Now there are many large portals such as SINA are using squid reverse proxy technology to speed up access to the Web site, can be different URL requests distributed to the background of different WEB servers, while the Internet users can only see the reverse proxy server address, enhance the site's access security. The concept of reverse proxy
The reverse proxy server, also known as the Web Accelerator server, sits on the front of the Web server and acts as a Web service
The content buffer for the device. Its system structure is shown in Fig . 1 Figure 1. System Structure
The reverse proxy server is set for the Web server, the background Web server is transparent to the Internet user, the user can only see the address of the reverse proxy server, it is not clear how the background Web server is structured. When an Internet user requests a WEB service, DNS resolves the requested domain name to the IP address of the reverse proxy server, so that the URL request is sent to the reverse proxy server, which is responsible for handling the user's request and reply and interacting with the backend WEB server. The use of reverse proxy server reduces the load of the back-end Web server, improves the access speed, and avoids the security hidden trouble caused by the user communicating directly with the Web server.
Back to the first SQUID reverse proxy implementation principle
At present, there are many reverse agent software, more famous have Nginx and Squid. Nginx is a high-performance HTTP and reverse proxy server and a IMAP/POP3/SMTP proxy server developed by Igor Sysoev, the second rambler.ru site for Russian traffic.
Squid is a research project funded by the U.S. government, which aims to solve the problem of network bandwidth shortage, support HTTP,HTTPS,FTP and other protocols, is now used on Unix systems, the most versatile and the most complete set of software.
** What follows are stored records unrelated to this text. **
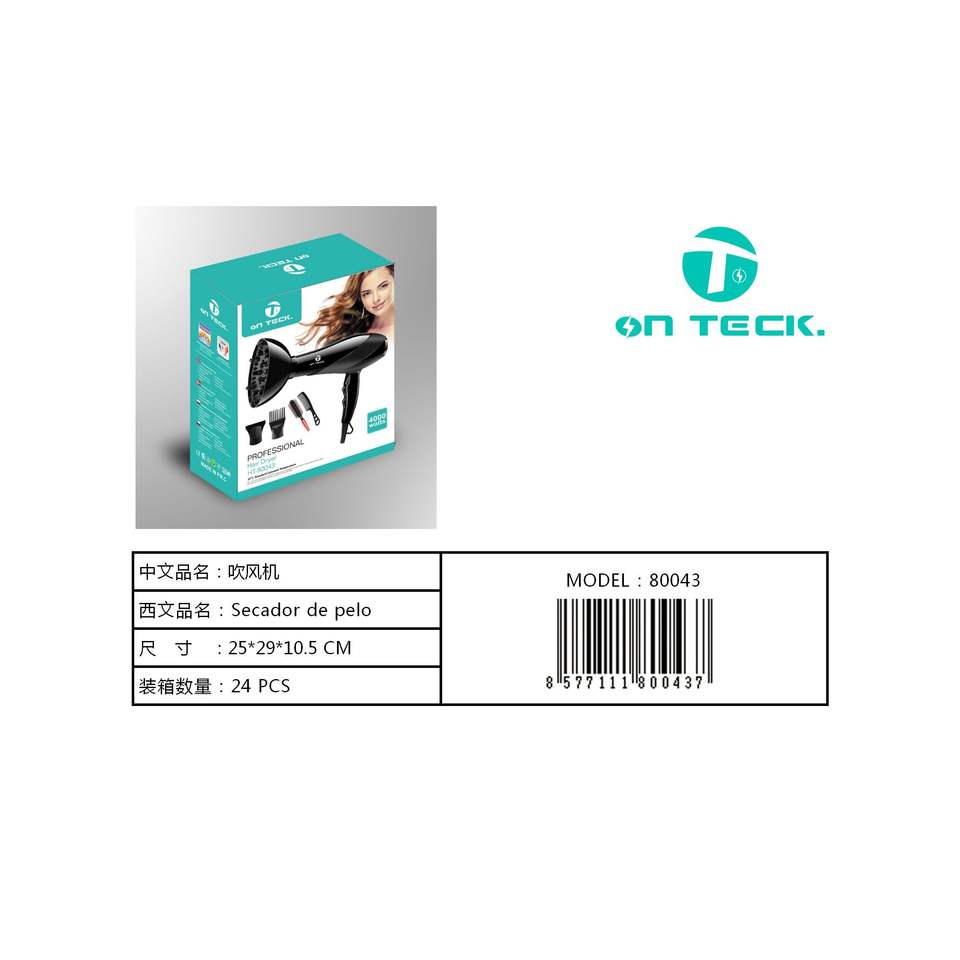 ไดร์เป่าผมออนเทค 800 วัตต์ มอเตอร์ AC 110000 รอบต่อนาที พร้อมหัวกระจายลม สำหรับใช้ในโรงแรม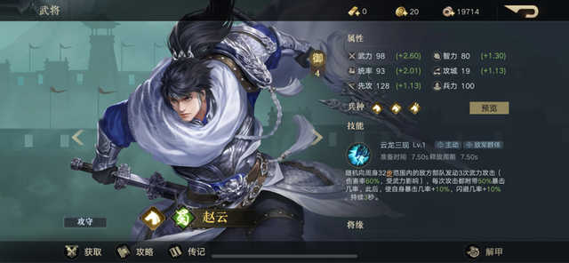 第一个,赵云。赵云,众所周知是武力极强的角色,在游戏中的武力设定值也比较高,在这款游戏中则是充分还原了其“七进七出”的作战能力。赵云在游戏中,可以说将攻击和防御完美结合,而且作为游戏中比较容易获取的橙卡,可以在前期快速完成开荒,而赵云的技能输出也很容易搭配,注重升级武力值就可以有非常出色的表现。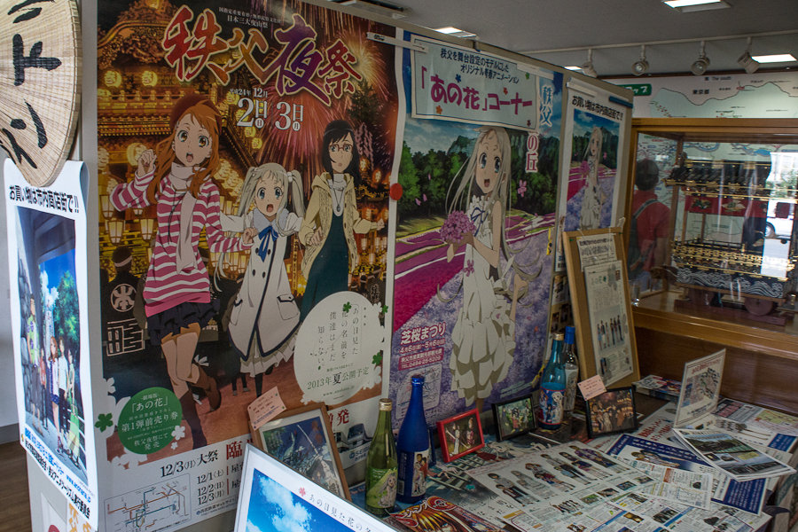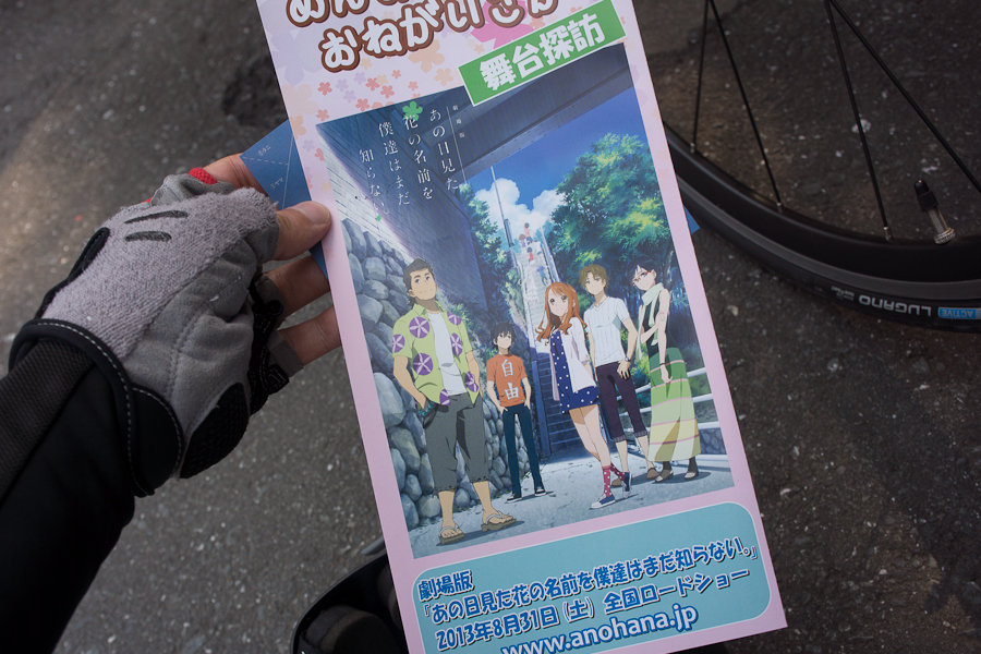 ……とサイコンには出ていますが、ぶっちゃけ暑さによる疲れで、体感消費カロリーは1,500kcalどころではないイメージ。食事処などで冷たいものでも飲んで、ゆっくり何か食べたいですが、その前に観光案内所で「あの花」巡礼マップをゲットせねば。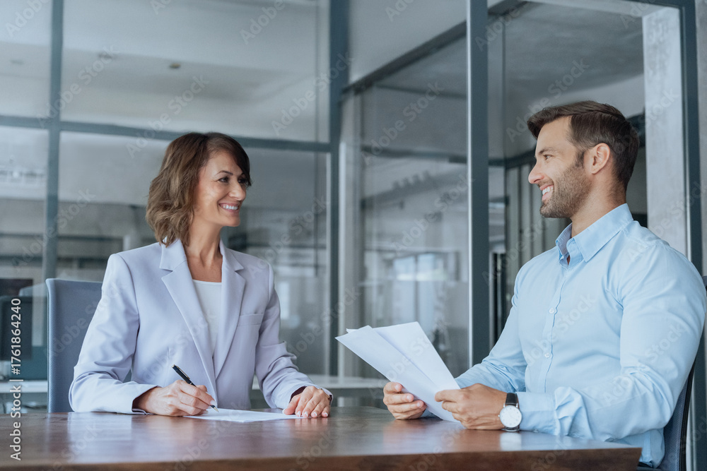 Mature woman client talking with young man bank real estate manager worker in office. Two business entrepreneur people sitting at table signing contract document at meeting, discussing cv on interview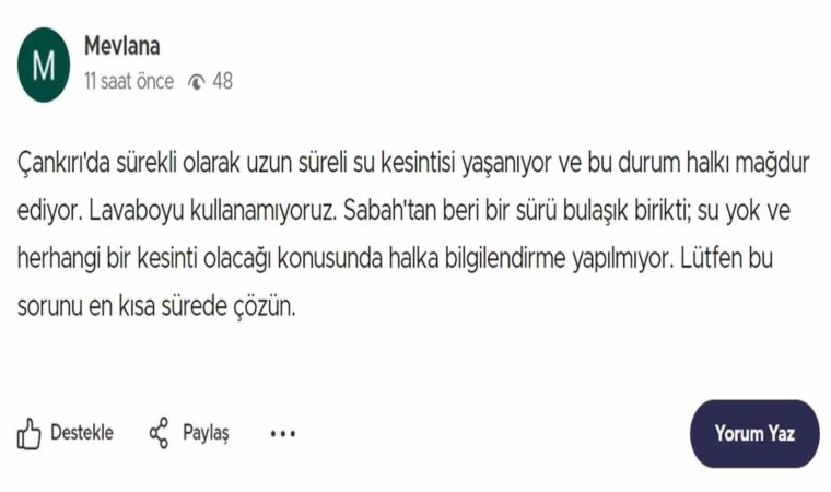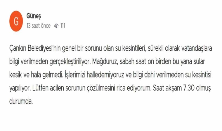 Son olarak dün yaşanan su kesintisi ile ilgili Çankırı Belediyesi’nin sosyal medya hesaplarından yapılan açıklamada, “Ana beslenme hattımızda sabah saatlerinde çıkan ani arıza nedeni ile Aksu Mahallesi alt kesimleri, Yeni Mahalle alt kesimleri, A.H.R. Mahallesi Yanlar Caddesi Küçük Sanayi ve Göç İdaresine kadar olan yerlerin suları kesilmiştir. Ekiplerimiz, arızanın giderilmesi ve suların tekrar verilebilmesi için çalışmalarına devam etmektedir” ifadelerine yer verildi.

The following will focus on the implementation of SQUID reverse proxy and improve the performance of the Web site application.
Squid The reverse proxy server is located between the local WEB server and the Internet, and the organizational structure is shown in Figure 2: Figure 2. Organization Structure
When a client requests access to a WEB service, DNS resolves the domain name visited to the IP address of the SQUID reverse proxy server, so that the client's URL request is sent to the reverse proxy server. If the resource of the request is cached in the Squid reverse proxy server, the requested resource is returned directly to the client, otherwise the reverse proxy server requests the resource from the background WEB server, and then returns the requested answer to the client, while also caching the answer locally for use by the next requester.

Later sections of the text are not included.